There is no public cloud, software development kit, or trial to sign up for. The way to engage with PsiQuantum is to read its published research and roadmap statements and to track milestone announcements over time.

Strengths

  • A genuinely differentiated approach — silicon photonics — that sidesteps the deep cryogenic refrigeration required by superconducting designs.
  • A manufacturing strategy tied to existing commercial foundries, which is the most credible known path to extreme qubit counts.
  • Strong reported component fidelity (99.999 percent on key operations), which is foundational to practical error correction.
  • The best funding position among pure-play quantum companies, with deep-pocketed and sovereign-backed investors.
  • Government partnerships and data-center construction that signal long-term institutional commitment.

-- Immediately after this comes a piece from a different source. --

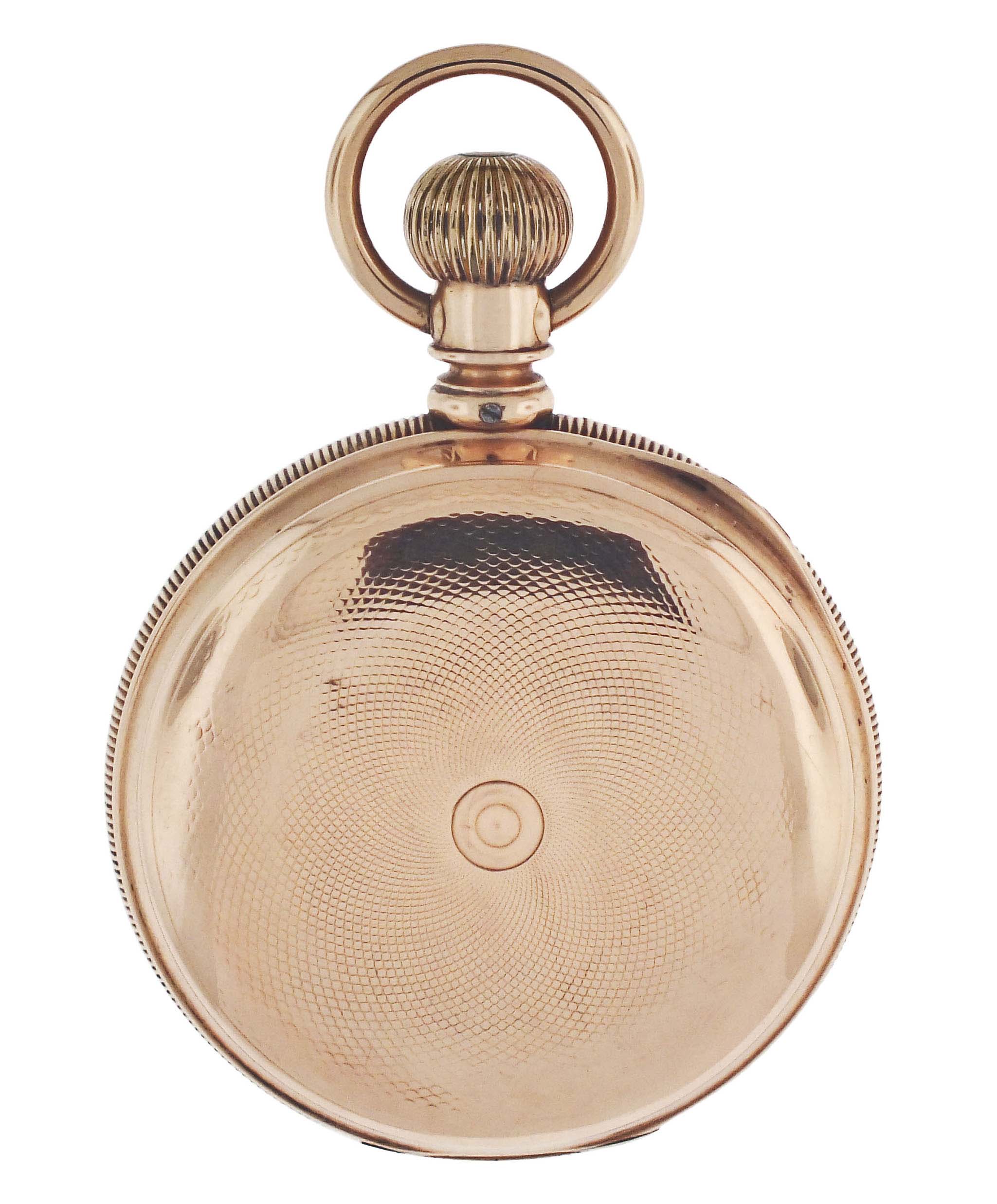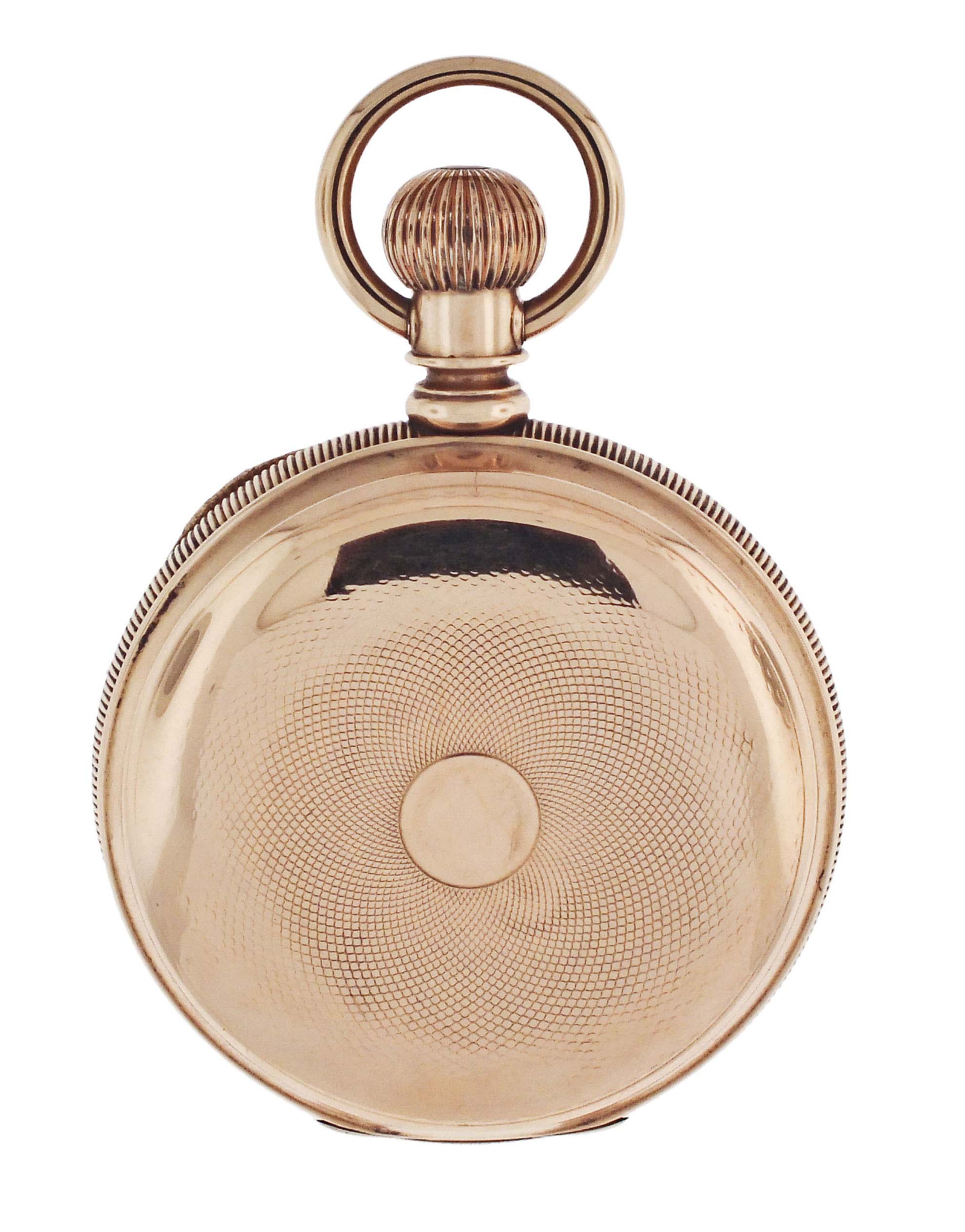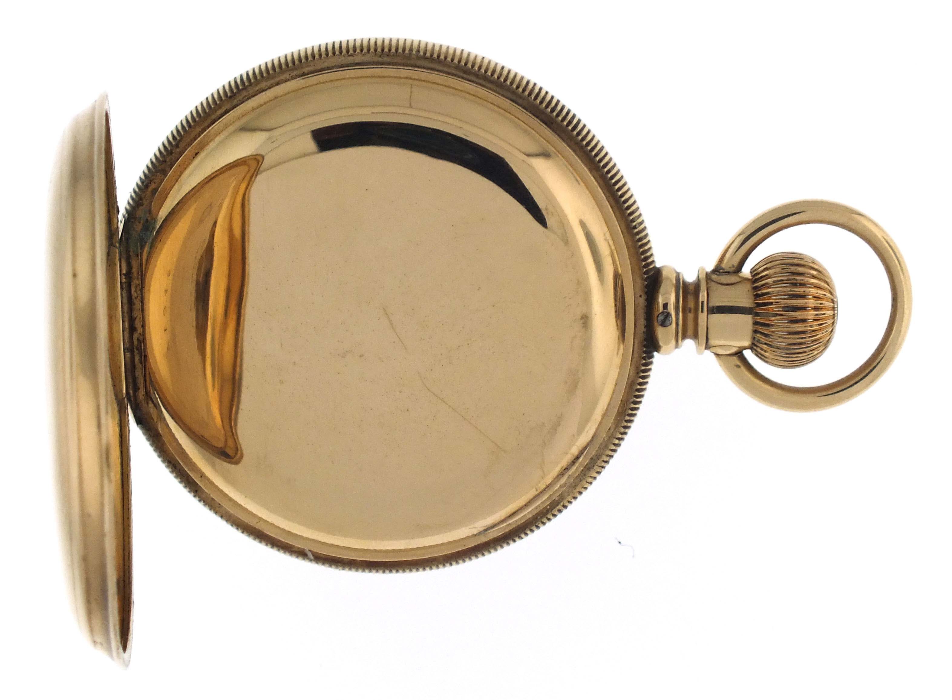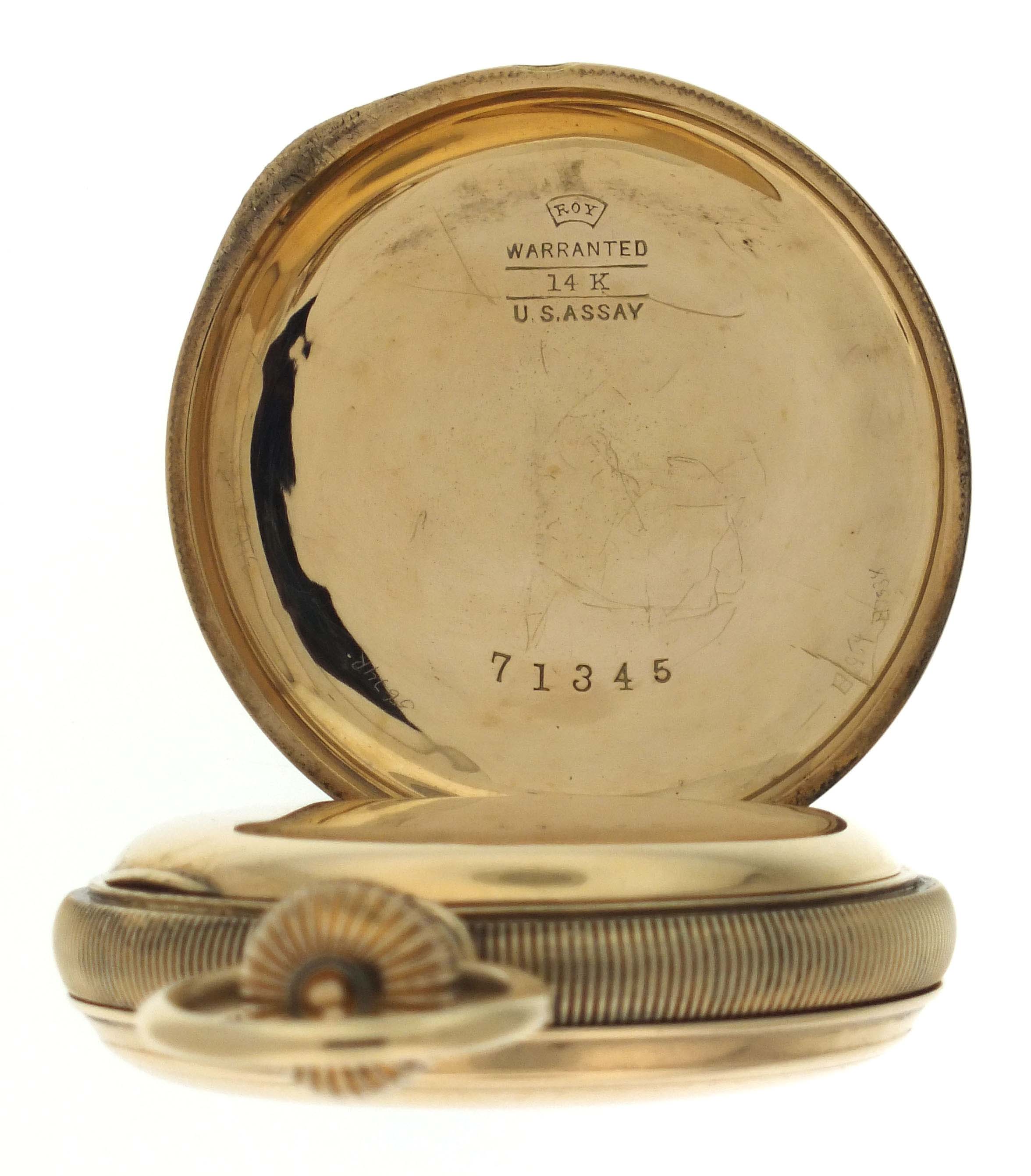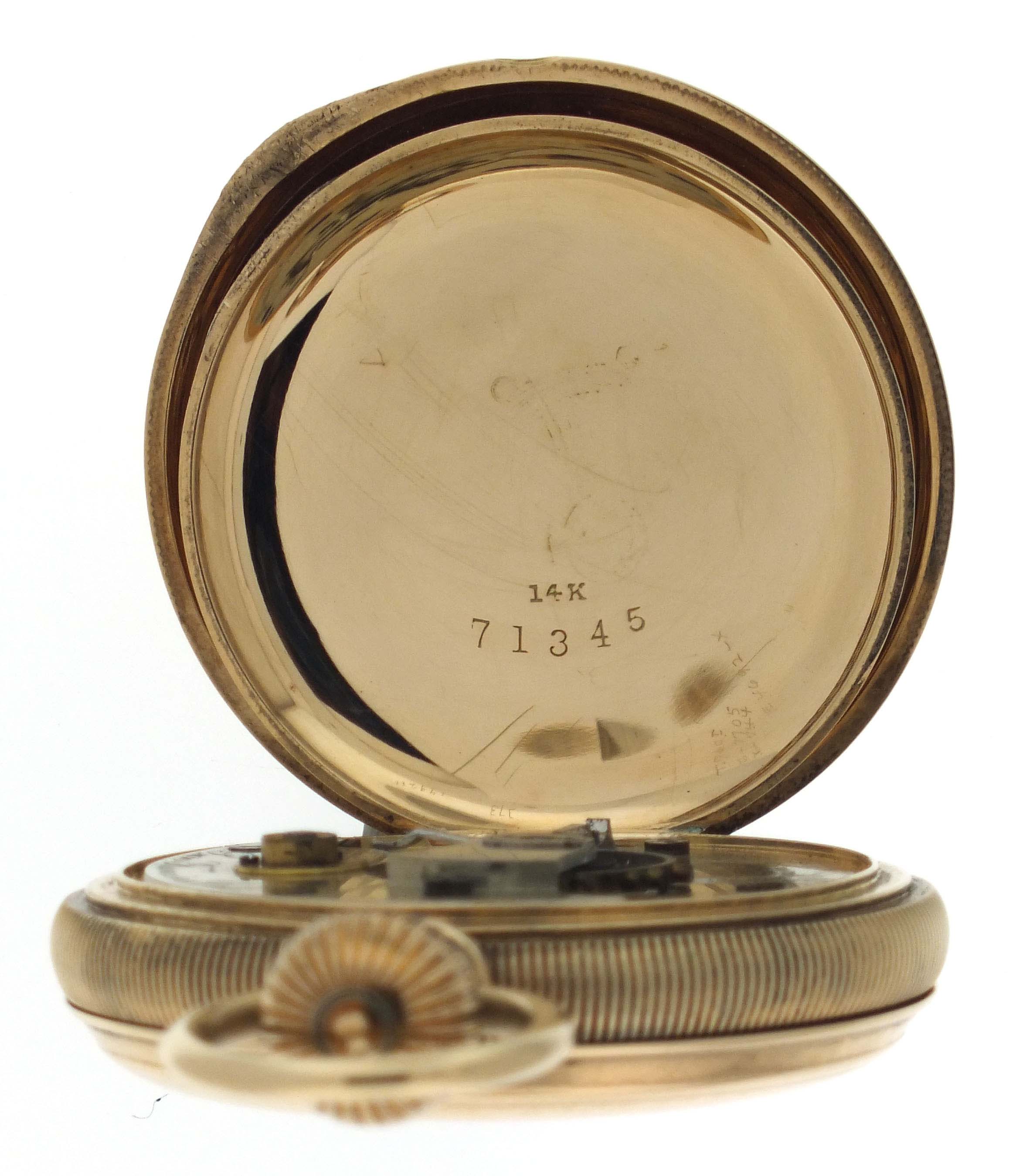 Illinois Watch Co., Springfield, Illinois, for A. Andrews Diamond Palace, a late 19th century gold, grade 101 pocket watch, 18 size, 11 jewels, transitional stem wind and lever set damascened nickel plate movement engraved "The Diamond Palace San Francisco, Cal.", with lever escapement and cut bimetallic balance, in a 14 karat, yellow gold, reeded edge, engine turned hunting case, roman numeral single sunk white enamel dial signed for the retailer, and blued steel spade hands, serial #221667, 122.6g TW
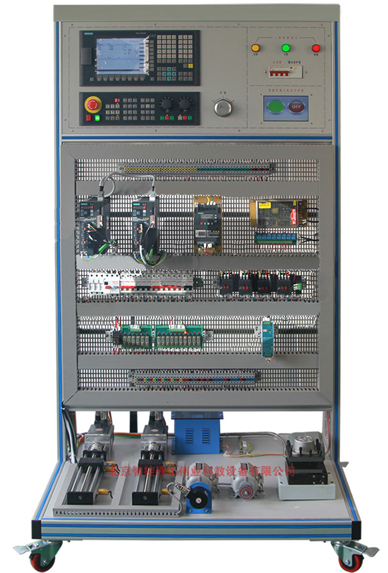 (1)電氣控制平臺(tái)采用鋁合金型材、網(wǎng)孔板開(kāi)放式設(shè)計(jì),立式結(jié)構(gòu),符合真實(shí)的數(shù)控電氣安裝環(huán)境,主要由數(shù)控系統(tǒng)、進(jìn)給驅(qū)動(dòng)、主軸單元、PMC單元、刀架控制電路、冷卻控制電路、接口單元、保護(hù)電路、電源電路等組成。該單元包含完整的數(shù)控車床電氣控制部分,以及接口轉(zhuǎn)換單元。

Limitations & Considerations

  • No product, no cloud access, and nothing to use today — this is a research and infrastructure bet, not a tool.
  • The million-qubit, fault-tolerant target is still years away, with useful machines aimed at around 2027 and beyond — and timelines in quantum computing routinely slip.
  • Skipping the near-term noisy era means there are fewer interim demonstrations to validate progress against competitors.
  • The AI connection is speculative and long-horizon; nothing here affects how AI systems are trained or deployed in the present.

Best Use Cases

This page is for understanding and tracking PsiQuantum, not for using it. The table below frames where attention is best spent.

GoalWhat to focus on
Understanding the photonic approachHow light-based qubits differ from superconducting and trapped-ion designs
Tracking the roadmapMilestone announcements toward fault tolerance and the million-qubit target
Following the funding storyInvestor moves, government partnerships, and data-center progress
Watching the AI link matureWhether quantum simulation begins to feed real scientific AI workflows

Getting Started

  1. Read PsiQuantum's published overview and roadmap statements on its website to understand the million-qubit thesis in the company's own words.
  2. Study the silicon-photonics concept — why particles of light, fabricated on standard wafers, are the company's chosen path.
  3. Track milestone announcements over time, treating timeline claims with healthy skepticism given how often quantum schedules shift.
  4. Watch the broader field — including superconducting and trapped-ion efforts — to keep PsiQuantum's progress in context rather than in isolation.

Key Takeaways

  • PsiQuantum is a private, pre-product company betting that the path to useful quantum computing runs through silicon photonics — qubits made from particles of light.
  • Its central wager is to skip the noisy near-term era and build directly toward a million-qubit, fault-tolerant machine, manufactured at scale in commercial foundries like GlobalFoundries.
  • The company is the best-funded pure-play in quantum, raising one billion dollars in 2025 at roughly a seven billion dollar valuation, with government backing and data centers under construction in Brisbane and Chicago.
  • The AI connection is indirect and long-horizon — NVIDIA's venture arm is an investor, and fault-tolerant machines could one day aid scientific simulation, but quantum-for-AI remains far off.
  • There is no product to use today; this is a forward look at a roadmap targeted around 2027 and beyond, best treated as something to understand and follow.